I have been alarmed at the proclivity of the present administration that is functioning under both overt and covert institutional public policies of resistance to be inclusive, equitable and fair to all Forest Park residents in the make up of this administration. The quintessence of this present administration is one that reflects governmental public policies shaping where visibility of specific undesirables, like for instance low- and medium-income residents who are struggling to maintain their family lifestyles includes children that have parents who have visitation rights that lives outside of Forest Park is considered a strain on the tax expenditure of Forest Park. For instance, grandparents raising grandchildren, foster parents raising children, and all parents raising children. These specific categorizations of families are not the traditional families of the 1950s; there have been many environmental factors that have contributed to the changing norms of family lifestyles of today.

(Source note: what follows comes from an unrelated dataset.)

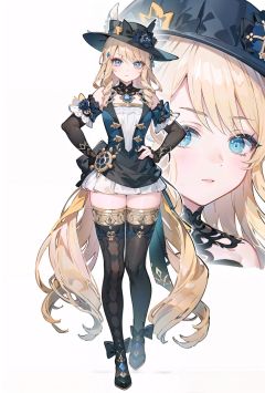 8k, best quality, masterpiece, (ultra-detailed:1.1), (high detailed skin), (full body:1.2), white background, standing, looking at viewer, solo, hand on hip, <lora:vny-v100-000027:0.8:lbw=OUTALL>, vny, blue eyes, long hair, black hat, thighhighs, blonde hair, dress, black gloves, (white background, simple background,:1.2), <lora:EnvyBetterHands LoCon_beta2 辅助:0.55>, ( good hands, nice hands:0.5), (beautiful_face), ((intricate_detail)), clear face, ((finely_detailed)), fine_fabric_emphasis, ((glossy)), full_shot,

The tragedy of today is that the categorization of families in Forest Park whereas the economic stratification so happen to be from low and medium incomes are considered targeted residents that are problematic to the quintessence administration and in fact this quintessence administration is operating under a shade of institutional resistance to change and is creating a quid pro quo of being concerned about tax dollars being allocated on those who appear to be non-residents in Forest Park when these deceptive governmental institutional public policies are one of eugenic; cleaning the community of law abiding Forest Park residents who dare to fight, work and live the American dream of wanting the best for their families. In fact, as mayor of Forest Park my administration will be one that advocates and practices values of fairness, an all-inclusive administration, equity for people who have been left out, establishing a policy framework that emphasizes the role of neighborhoods and their organization (establish legal architect to halt all rezoning and misplacement of homeowners), sensibility to racial tension, focus on working on developing community outreach programs to curtail gangs and the perpetuation of crime, the Roos building will be Forest Park Community High School which is critically needed, develop an expansive library facility and community center to address the increase in Forest Parkers through grant writing, legislative bills and writing grant proposals for philanthropists to alleviate the taxpayers burden on the village of Forest Park for the 21st century.

In addition, my administration will establish a legal advisory board that directly monitors the administrative law judge hearing held monthly at the village of Forest Park City Hall in order to ensure every citizen constitutional rights under the equal protection clause has been affronted. These goals and objectives can be achieved with collective involvement of all residents of Forest Park for the 21st century and we need an innovator who has the skills to move this community forward without dishonesty, mismanagement and corruption. My academic background includes the following: I have several advance degrees like for instance a Ph.D in international law from National Conference of Black Lawyer Community College of Law, doctor of jurisprudence from La Salle University, a master of arts in urban development from Northeastern Illinois University, a master of science in criminal justice and corrections from Chicago State University, a bachelor of arts in criminal justice from Northeastern Illinois University and an associate of arts from Triton College in liberal arts.

In conclusion, I will approach this noble endeavor with the hallmark of not withholding information about the functions and impact of government policies and decisions from the public. The key is that the residents of Forest Park are those who hire the mayor to represent them and this is what democracy is supposed to inculcate.